When you reach the line containing "活动现场,科普大篷车仿佛一座" in the records below, set it down exactly, together with every later line through the end, but not the pictures.

——————

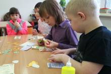В завершении занятия девчонки и мальчишки принялись мастерить закладки «Самые волшебные слова». Ребята приклеивали вежливые слова и картинки, помогая друг другу в работе.
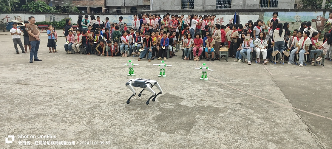 活动现场,科普大篷车仿佛一座流动的科技馆,展示了VR、四足机器人、机器狗、电子象棋等众多丰富的科学展品。让学生直观感受科学魅力,激发他们对自然现象的好奇心和探索欲。同时,科普志愿者向现场师生广泛宣传《特殊食品安全知识读本》《食品安全知识宣传手册》《科普知识手册》等科普知识,通过发放宣传资料、悬挂条幅、科普讲解、现场互动问答等形式,引导大家深入了解食品安全知识,进一步提升青少年食品安全防范意识,营造了“食品安全牢记心 健康幸福伴你行”的良好氛围。
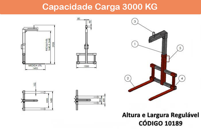 MODELOS DE GARFO PALETEIRO REGULÁVEL
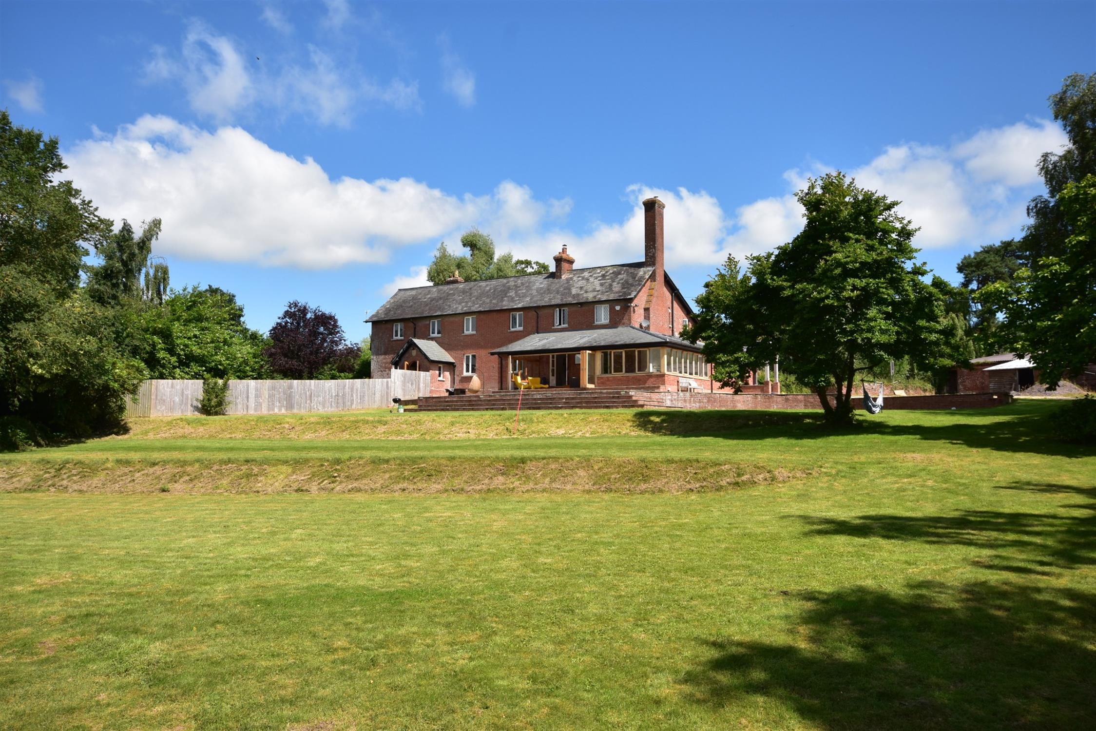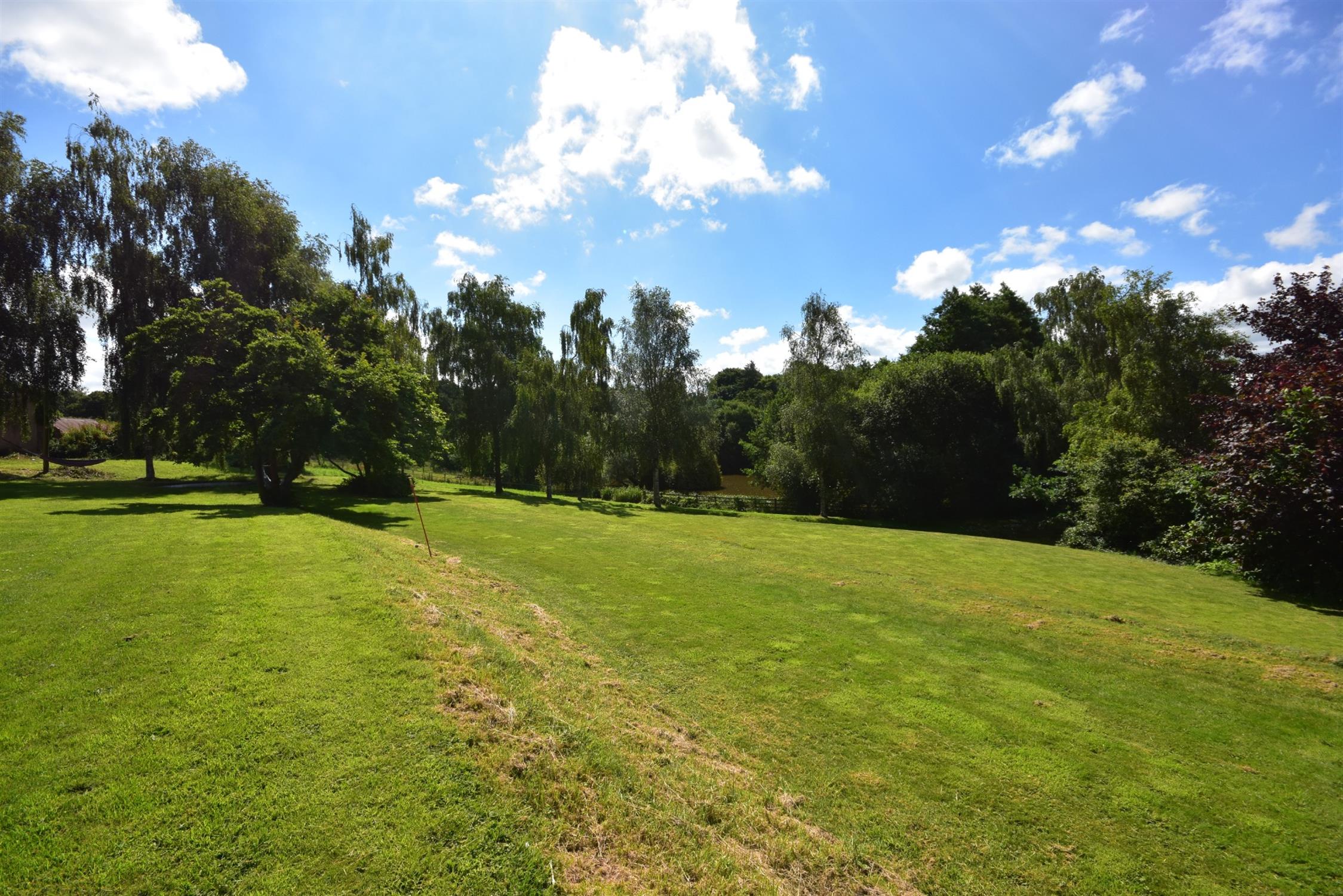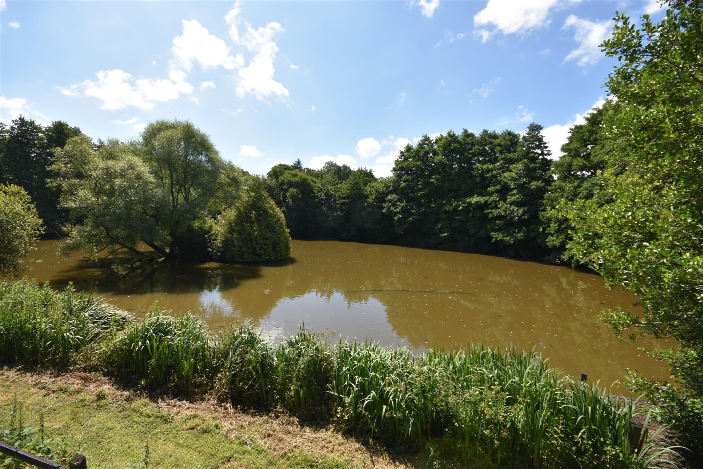 The house has fine views down across its gardens facing South to the lake below. To the front of the house is a large flagstone terrace and steps leading to the double doors to the family sitting room. Below this terrace is the main area of lawn with containing a wide variety of species including magnolia, rhododendron, hydrangeas and various broadleaf trees. Beyond this, the main gravel drive curves back down past a number of silver birch trees to the main entrance. Beyond the drive, across a further lawned area, is the fishing lake which is an acre of fully stocked carp and has a river running through it and therefore, requires no filtering.
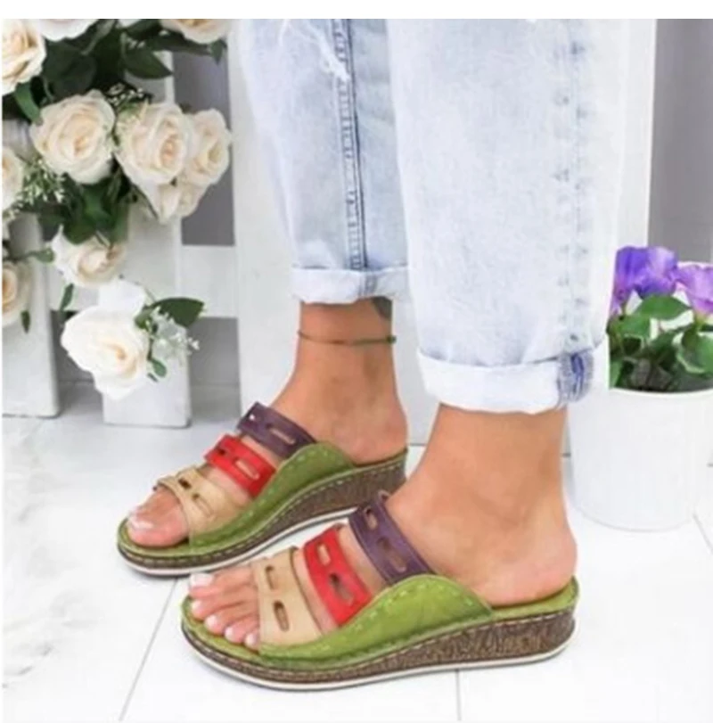 Новинка; Летние сандалии для женщин; Обувь в стиле ретро без застежки; Женские сандалии из пробковой кожи; Пляжные шлепанцы; Сандалии-гладиаторы; Женские вьетнамки
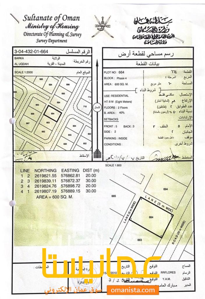 للبيع ارض سكنية ممتازة في بركاء العقدة 4 ، رقم القطعة (664) .

——————

* _ANSWER_:
 活动现场,科普大篷车仿佛一座流动的科技馆,展示了VR、四足机器人、机器狗、电子象棋等众多丰富的科学展品。让学生直观感受科学魅力,激发他们对自然现象的好奇心和探索欲。同时,科普志愿者向现场师生广泛宣传《特殊食品安全知识读本》《食品安全知识宣传手册》《科普知识手册》等科普知识,通过发放宣传资料、悬挂条幅、科普讲解、现场互动问答等形式,引导大家深入了解食品安全知识,进一步提升青少年食品安全防范意识,营造了“食品安全牢记心 健康幸福伴你行”的良好氛围。
 MODELOS DE GARFO PALETEIRO REGULÁVEL
 The house has fine views down across its gardens facing South to the lake below. To the front of the house is a large flagstone terrace and steps leading to the double doors to the family sitting room. Below this terrace is the main area of lawn with containing a wide variety of species including magnolia, rhododendron, hydrangeas and various broadleaf trees. Beyond this, the main gravel drive curves back down past a number of silver birch trees to the main entrance. Beyond the drive, across a further lawned area, is the fishing lake which is an acre of fully stocked carp and has a river running through it and therefore, requires no filtering.
 Новинка; Летние сандалии для женщин; Обувь в стиле ретро без застежки; Женские сандалии из пробковой кожи; Пляжные шлепанцы; Сандалии-гладиаторы; Женские вьетнамки
 للبيع ارض سكنية ممتازة في بركاء العقدة 4 ، رقم القطعة (664) .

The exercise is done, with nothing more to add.